How is it that materialism has reappeared in such force? The following considerations may yield a partial answer. In the first place, the materialism of the eighteenth century has actually descended to, or been inherited by, the present generation. Although for a considerable time materialism was feeble and unpopular, it was never wholly without defenders. The continuity of its history was at no point completely broken. In England, for example, three generations of Darwins have entertained materialistic convictions. Works like Thomas Hope's 'Essay on the Origin and Progress of Man,' and the anonymous 'Vestiges of Creation,' connect the 'Zoonomia' of Erasmus Darwin with the 'Origin of Species' of Charles Darwin. The principles of sensationalism found not a few zealous defenders when the antagonistic doctrine was at the height of its success, and sensationalism is intimately related to materialism. About 1840 atheism began to be openly avowed to a considerable extent among the working classes, and what has since been called secularism made its appearance. Secularism involves materialism. In 1851 Mr Henry G. Atkinson and Miss Harriet Martineau published their 'Letters on the Laws of Man's Nature and Development,' advocating without reservation or

restraint a crude materialism and utter atheism.
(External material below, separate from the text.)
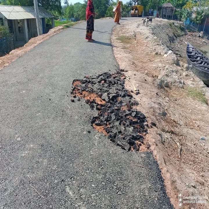 কয়রায় হাতের টানে উঠে যাচ্ছে রাস্তার পিচ ঢালাই
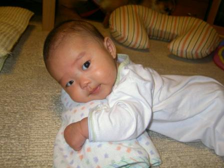 下半身は左右にブンブン振って今にも寝返りをしそうなのに、うでが弱かったら顔を持ち上げられないからマズイよね?

They taught that "philosophy finds no God in nature, nor sees the want of any;" that "fitness in nature is no evidence of design;" that “all causes are material causes influenced by surrounding circumstances;" that "mind is the manifestation or expression of the brain in action;" that "instinct, passion, thought, are effects of organised substances;" that "only ignorance conceives the will to be free;" that "there is no more sin in a crooked disposition than in a crooked stick in the water, or in a hump-back or a squint;" and that 'we ought to be content that in death the lease of personality shall pass away, and that we shall be as we were before we were - in a sleep for evermore." It was no wonder that England was shocked to be asked in the middle of the nineteenth century to receive this old and sad story as good news of great joy. But in the years which have since elapsed a host of compositions have appeared avowing quite as nakedly disbelief in God, spiritfreedom, responsibility, and belief only in the properties and products of matter.1

Materialism was still more influential in France than in England throughout the first half of the present century. What little philosophy there was under the revolutionary governments and the Empire proceeded mainly on sensationalistic See Appendix XIV.